H reveals that Nike has cracked the code on maximizing returns by flooding the market with 150,000-unit Travis Scott runs. While the Jumpman Jack line drops dope shoes that instantly sell out, they are sitting right at retail because the scarcity is gone. He demonstrates that while this volume strategy doesn't hurt Nike's bottom line, it fundamentally changes the "aspiration" of the brand. If anyone can cop a pair of Travs, the artificial aura disappears. 🏛️⚖️

TIL: Recent Travis Scott stock numbers are approaching GR Jordan status. Is the sneaker game finally healthier now that the hype is dead?

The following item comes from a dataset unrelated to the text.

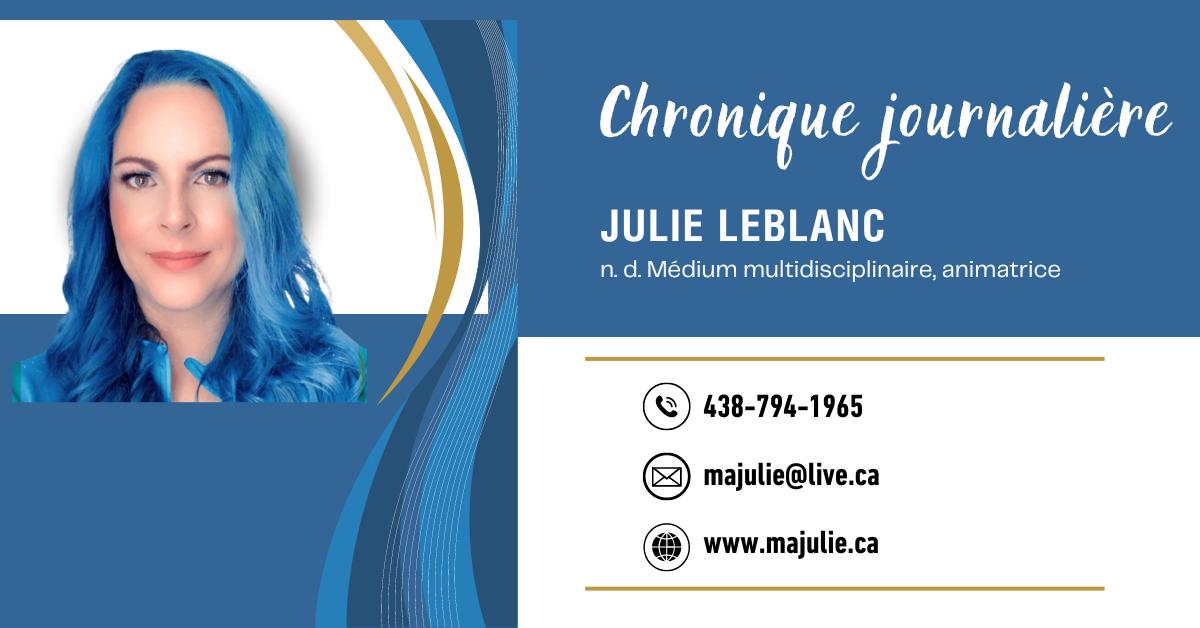 Évoluons avec l’âme des célébrités – Décembre Animée par Julie Leblanc, médium multidisciplinaire Diffusée chaque vendredi midi sur YouTube Décembre s’ouvre avec une série d’épisodes puissants, contrastés et hautement vibratoires. Dans Évoluons avec l’âme des [...]
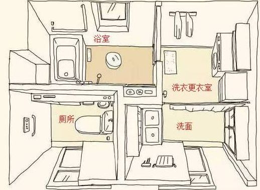 3、四式分离:浴室、厕位、洗漱、洗衣家务

u/SpiritedBase5047 — 8 days ago

Dru (The 12 Hub): "If you're just buying reps for the attention, you're not a sneaker person." Period. 🏛️📉

On the latest The 12 Hub, Dru gets into the gritty reality of the "Rep" epidemic. He points out that the sneaker collector mentality isn't just about the shoes on your feet—it's about the hours of research and the grind to find them. 📉🚫

Dru reveals that people buying fakes just to "slap them on feet" for clout are missing the entire point of the culture. He demonstrates that being a head means following fits, understanding trends, and putting in the actual work. He argues that if you skip the process, you skip the culture. 🏛️⚖️

TIL: In 2026, the "work" is the only thing that separates the collectors from the clout-chasers. Do you still value the "hunt," or has the availability of fakes ruined the prestige for you?